19- Ayetlerimizi inkar edenler ise, sol yanın adamlarıdır

Sağ ve sol kanatlar hakkında, Vakıa suresinde gerekli açıklamayı yapmıştık: Kiminiz doğruyu bulmuşlardan olacak: Ah! ne [mutlu] kimselerdir doğruyu bulmuş olanlar! Ve kiminiz kötülüğe batmışlardan olacak: Ah! ne [mutsuz] kimselerdir kötülüğe batmış olanlar!

"Ashab'ul-Meymene"; Meymene, lügatte "yemin" (sağ el) veya "yumn" (uğurlu) anlamlarının her ikisine de gelebilir. Şayet yemin kelimesinden türediğini kabul edersek, Meymene "sağ el" anlamına gelir. Ancak burada lügavî anlamında değil, "yüksek mertebe" anlamında kullanılmış olabileceğini belirtmeliyiz. Çünkü Araplar sağ eli, kuvvet ve şerefin sembolü olarak nitelerlerdi. Nitekim hürmet ettikleri kimseleri, meclislerde sağ köşeye oturturlardı. Ayrıca bir kimse, başka bir şahsın kendi yanında önemli bir yeri olduğunu söylemek istediğinde "Fulanun minnî bil-yemin" (o benim sağ kolumdur) derdi.

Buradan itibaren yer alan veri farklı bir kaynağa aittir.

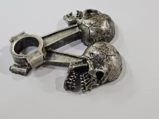 Emblema decorativo con diseño de pistón y calaveras en 3D. Muy detallado Fabricado con un plastico de poliresina dura. Desiñado para aplicacion interior y exsterior. Dimensiones: ancho 10,16cm alto 10,16cm.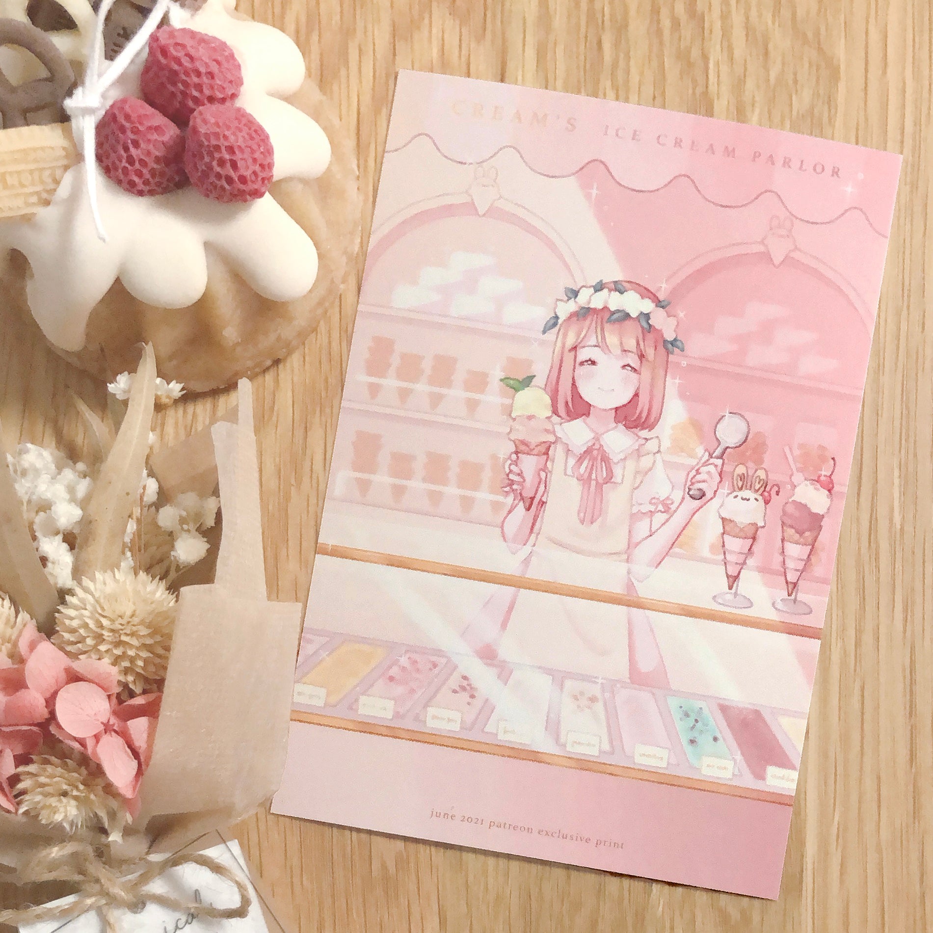 A postcard-sized print of Cream-chan in her ice cream parlor ♡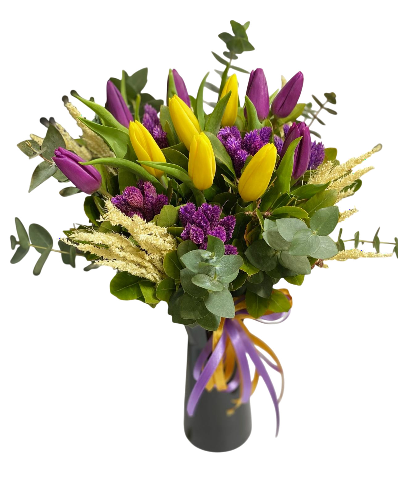 Sarı ve mor lalelerin asil duruşuyla hazırlanan nadide bir buket.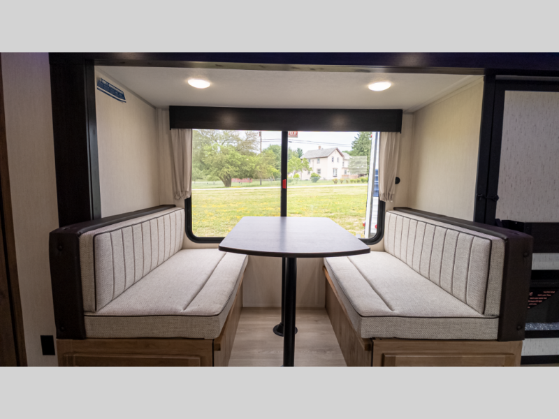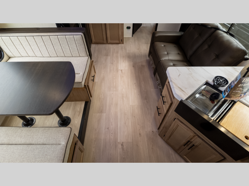 - Comfort & Bedding: RV king bed, convertible sofa/dinette—sleeps 4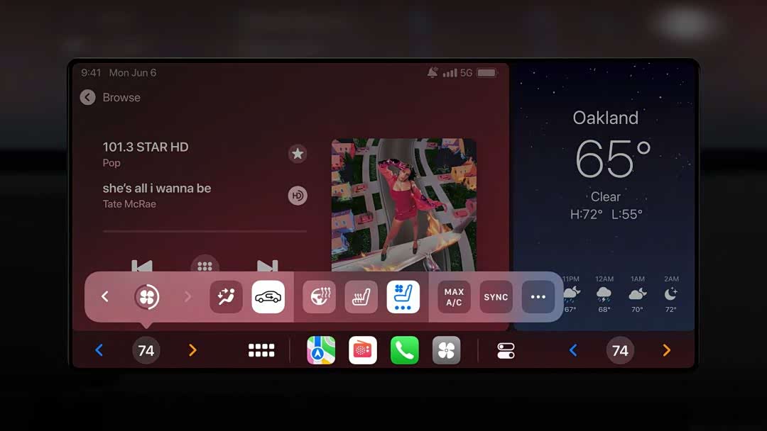 六年后的今天,CarPlay更进一步,从上一代简单的手机投射控制信息娱乐屏,向适应不同尺寸车载屏幕、控制空调温度、保持UI一致性等方向拓展。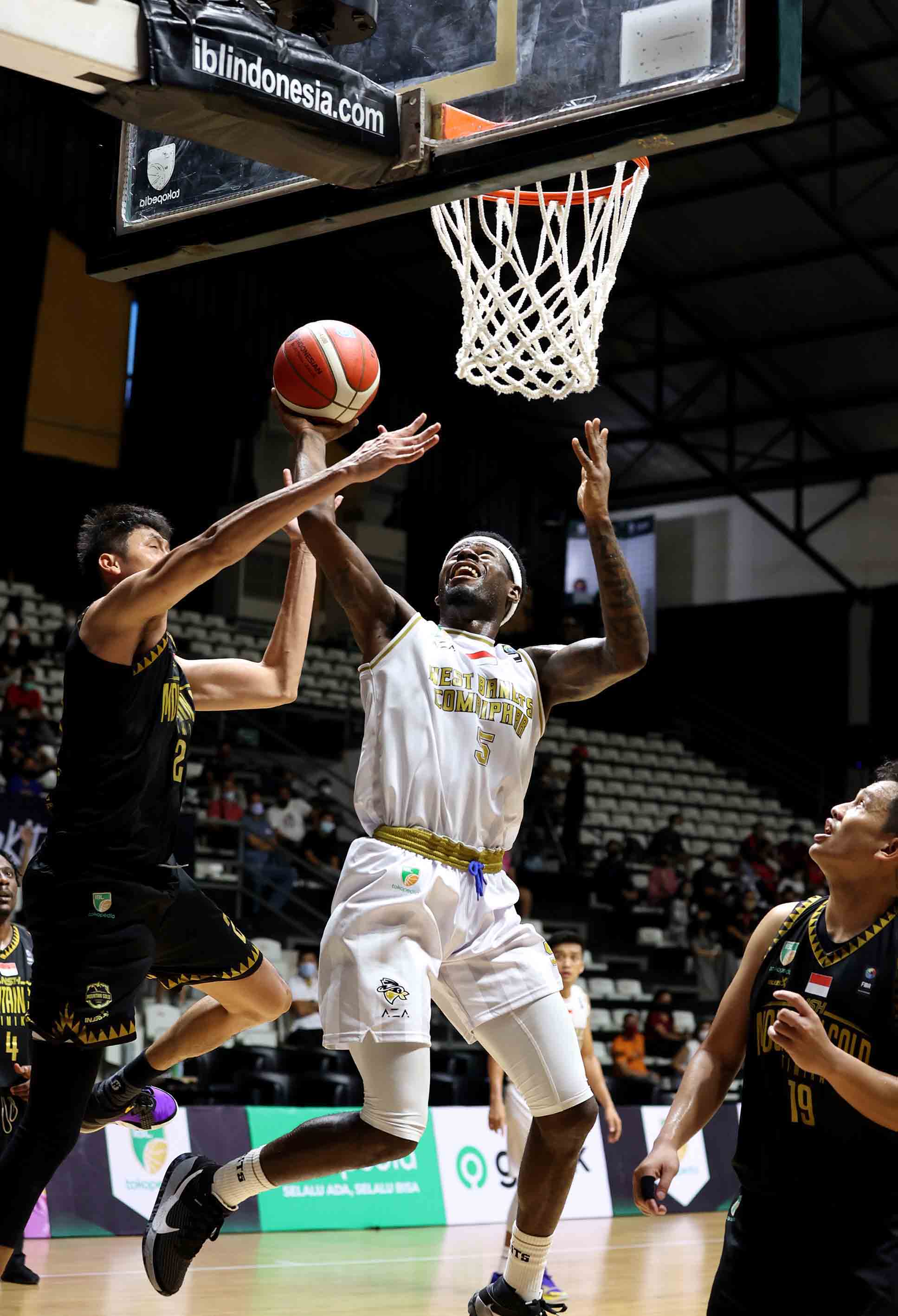 Michael Ayodele Kolawole (5) pemain West Bandits Combiphar Solo mendapat hadangan dari pemain NSH Mountain Gold Timika. West Bandits Combiphar Solo melawan NSH Mountain Gold Timika pada pertandingan Seri 1 Jakarta Indonesian Basketball League (IBL) 2022 di Hall Basket GBK, Jakarta, Rabu (19/1/2022). West Bandits Combiphar Solo kalah oleh NSH Mountain Gold Timika dengan skor 67-69. (Photo : Bobby Arifin)
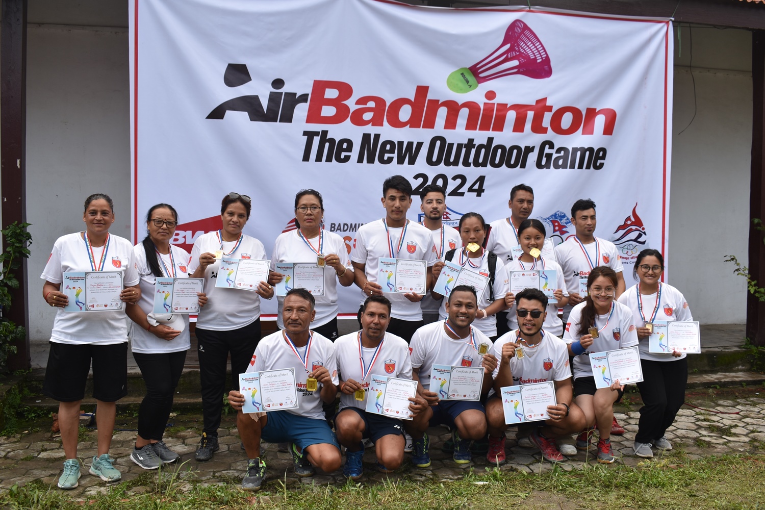 ‘एयर ब्याडमिन्टन’ द न्यू ब्याडमिन्टन गेम २०२४ नामाकरण गरिएको प्रदर्शन खेलमा पुरुष तर्फ १०८ र महिला तर्फ ३४ खेलाडीहरुले प्रतिस्पर्धा गरेका थिए । पुरुष र महिला युगल तर्फ खेलाईएको खेलमा पुरुष युगल तर्फ लगनखेलका विलन मलान र उज्जल दाहालको जोडी प्रथम भएका थिए । यस्तै दोश्रो स्थानमा ललितपुरका मनिष बज्राचार्य र राकेश शाक्यको जोडी, तेश्रो स्थानमा आयुष प्रजापती ‘भक्तपुर’ र एलिस थापा ‘चितवन’ तथा अजय महर्जन र साजन महर्जन ‘थसी’को जोडी रहे ।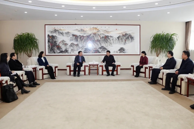 2月11日上午,阳光保险集团副总裁、工会主席夏芳晨,阳光保险集团总裁助理、阳光融和医院董事长高永梅,阳光融和医院院长王明晓等一行五人来校访问,党委书记李明、院长管英俊、副院长葛国文会见客人并座谈。
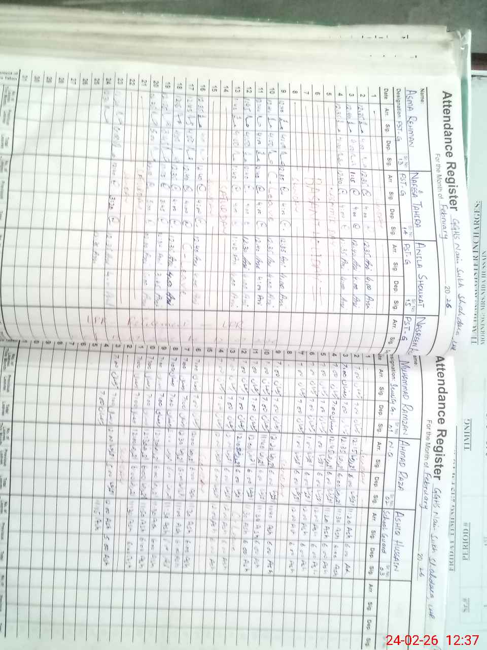 | CNIC | Full Name | Designation | R/C | Absence During Last Calender Month |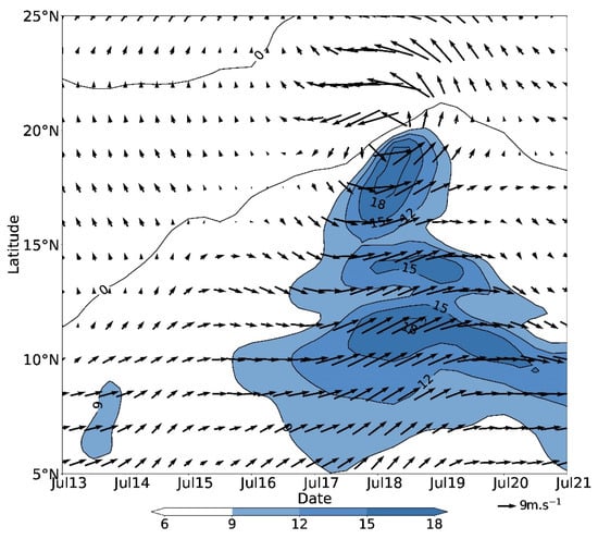 Time-latitude cross section of 850 hPa zonal wind vectors on 111° E from 13 July to 21 July (units: m s−1; the shading shows the zonal wind greater than or equal to 6 m s−1).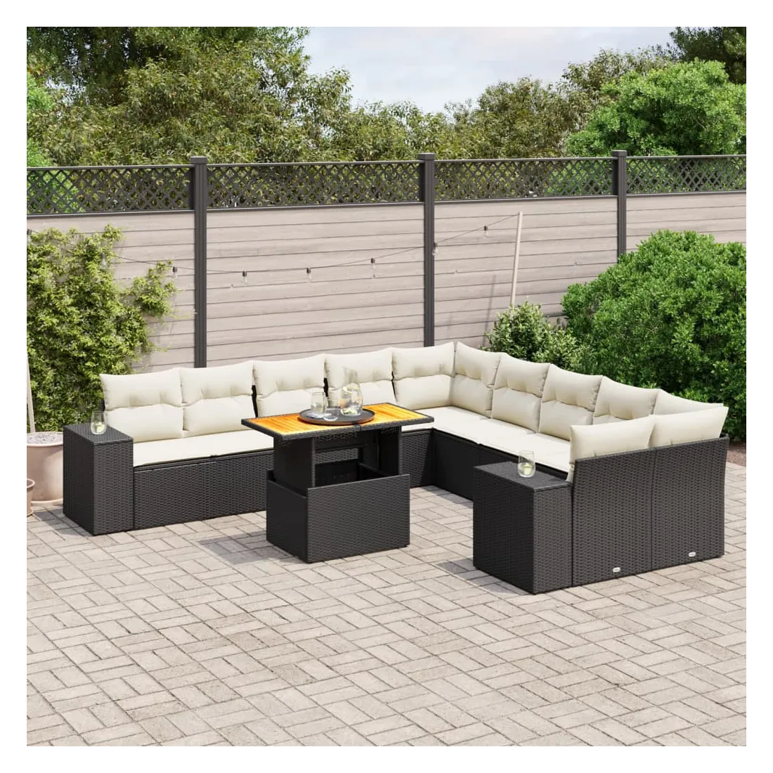 Cet ensemble de canapés de jardin est le complément parfait de votre arrière-cour, terrasse ou patio, offrant un espace confortable et accueillant pour discuter avec la famille et les amis ou simplement se détendre et profiter de l'extérieur. Matériau durable : la résine tressée, également connue sous le nom de poly rotin, est un matériau synthétique solide et nécessitant peu d'entretien qui ressemble au rotin naturel. Il est léger, facile à nettoyer et couramment utilisé pour les meubles d'extérieur en raison de sa durabilité et de ses propriétés de résistance aux intempéries.Dessus de table réglable : le dessus de table peut être soulevé pour rendre la table plus haute, ce qui transforme la table d'extérieur d'une table basse à une table de salle à manger. Elle est parfaite pour recevoir des invités ou prendre des repas à l'extérieur.Expérience d'assise confortable : ce mobilier d'extérieur, doté de coussins épais, offre une expérience d'assise confortable.Housse amovible et lavable : ces coussins de siège sont dotés de housses amovibles pour un lavage et un entretien faciles.Conception modulaire : cet ensemble de meubles d'extérieur a une conception modulaire, ce qui le rend complètement flexible et facile à déplacer, afin que vous puissiez créer un agencement de meubles d'extérieur personnalisé. Bon à savoir :Pour que vos meubles d'extérieur restent beaux, nous vous recommandons de les protéger avec une housse imperméable.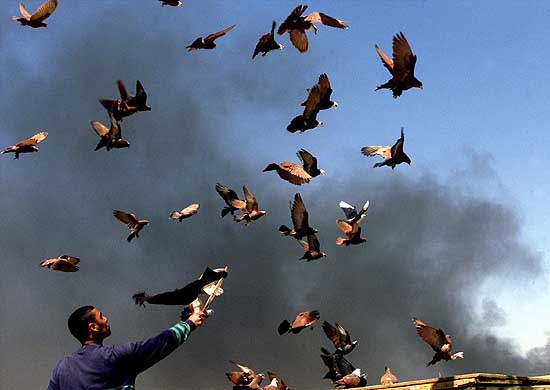 巴格达人在硝烟中放飞鸽子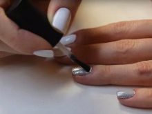 - สำหรับเล็บที่เตรียมไว้ล่วงหน้าการเคลือบขั้นพื้นฐานจะถูกนำไปใช้จากนั้นเคลือบเงาที่ไม่มีสีหรือสีขึ้นอยู่กับการออกแบบที่เลือก
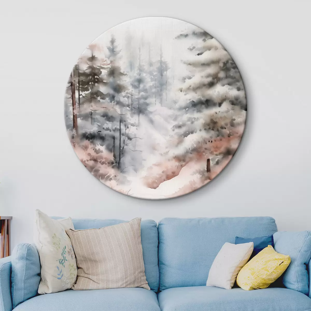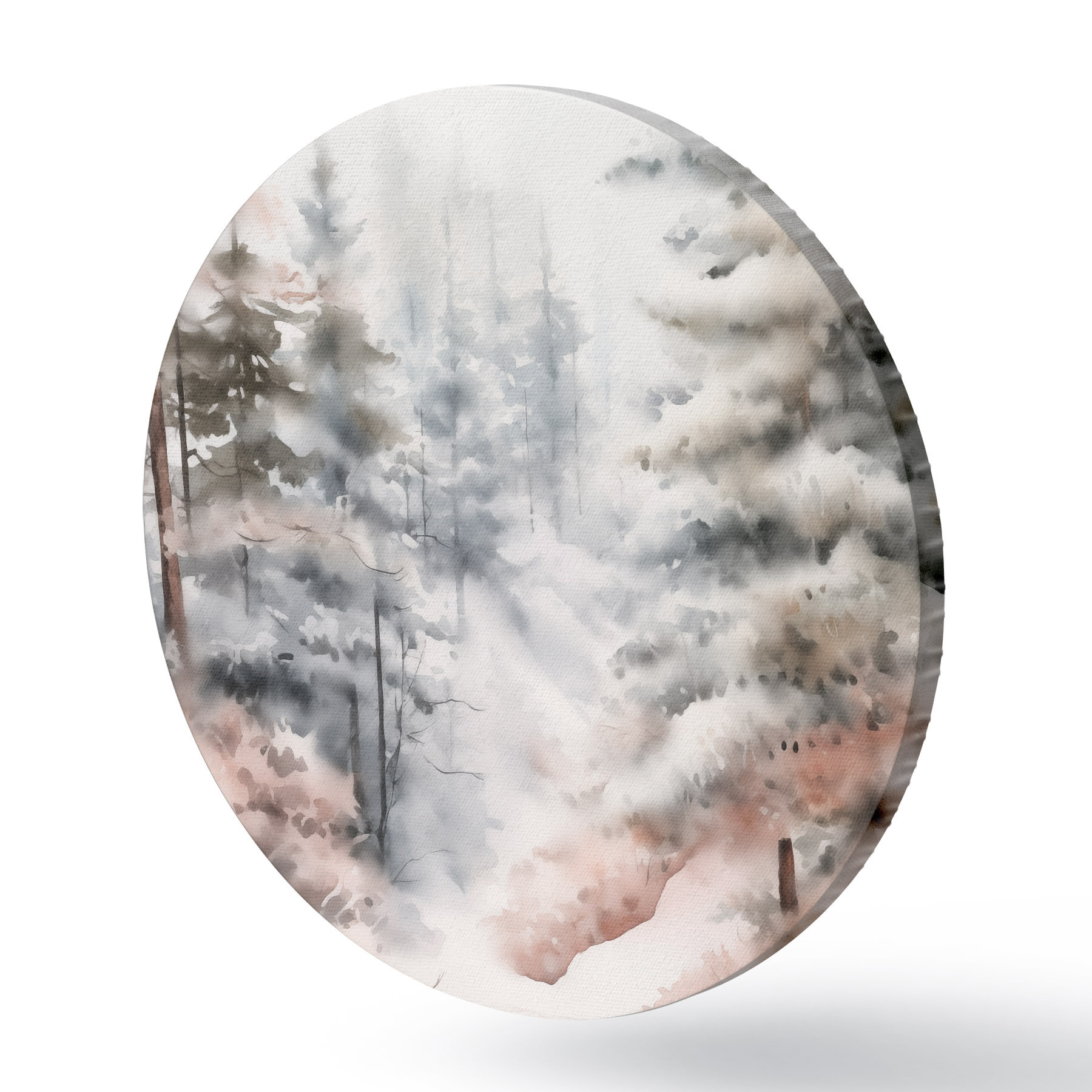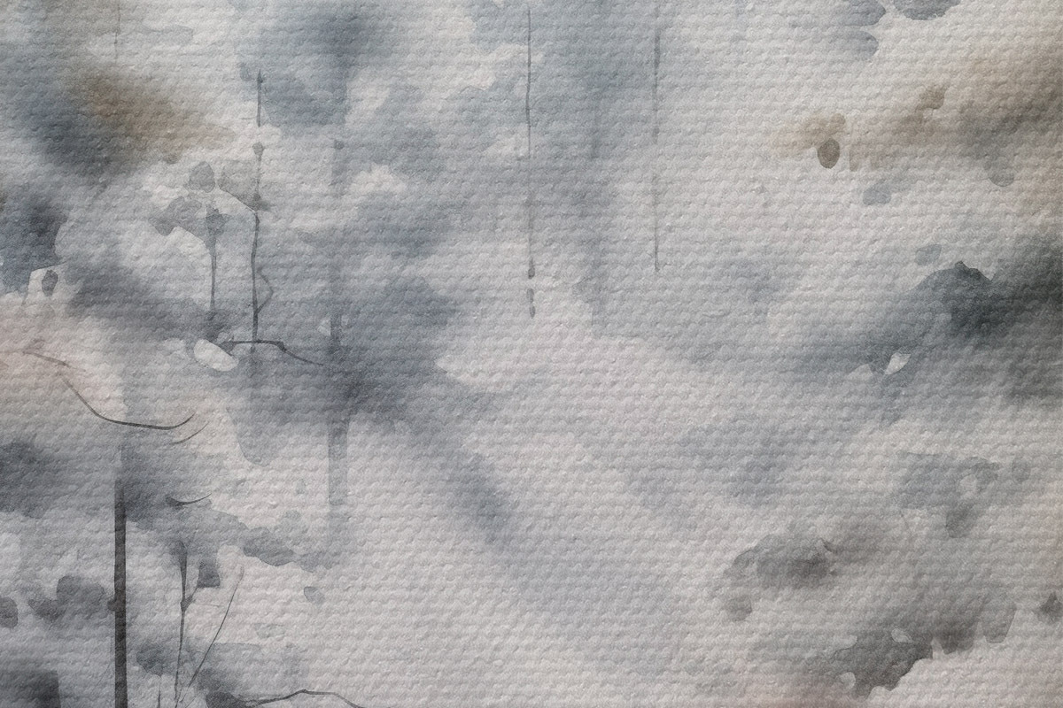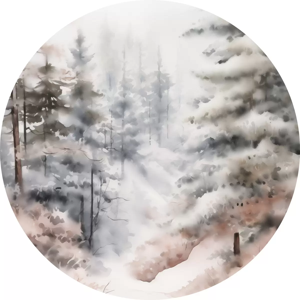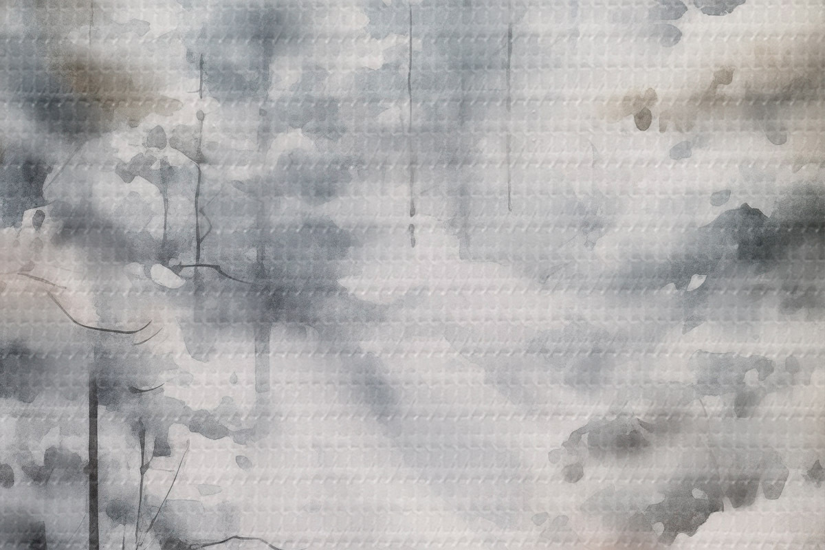 Obrázok Vysoké borovice pokryté snehom, stojace v hmlistom lese, jemná, tlmená zimná scéna Nr r46702

Urduca'da da önemli bir adamın yardımcısına "Desterast" (sağ kolu) denir. Fakat "Meymene" kelimesinin "yumn" dan türediğini kabul edersek, "ashabu-ul meymene" uğurlu, bahtı iyi olan, saadet sahipleri anlamına gelir.

"Ashab-ul Meş'eme"; Meş'eme, "şum" kelimesinden türemiştir. Uğursuzluk, talihsizlik demektir. Ayrıca lügatte sol el için "şu'ma" tabiri kullanılır. Nitekim Araplar "şimal" (sol el) ve "şu'ma" (uğursuzluk) kelimelerini aynı anlamda kullanırlar. Araplarda, sol el zayıflığın ve zilletin simgesidir. Örneğin, sefere çıkan bir kimsenin sol tarafından bir kuş uçtuğu zaman bu olayı uğursuzluk olarak telakki ederlerdi. Yine Araplar, bir kimseyi mecliste sol tarafa oturturlarsa eğer, bu o kimseyi aşağı mevkide ve önemsiz gördükleri anlamına gelirdi. Ayrıca bir kimse, başka bir şahsın kendi yanında bir yeri olmadığını söylemek istediği zaman "Fulanun minnî bi'l şimal" (O benim sol kolumdur) derdi. Dolayısıyla "Ashab'ul Şimal" bedbaht olanlardır. Yani Allah, onları zillete düçar etmiştir ve onlar O'nun huzurunda sol tarafta bulunacaklardır.


20- 'Kapıları kilitlenmiş' bir ateş onların üzerinedir.

Yani, ateş onları çevreleyecektir ve oradan çıkmaları mümkün olmayacaktır.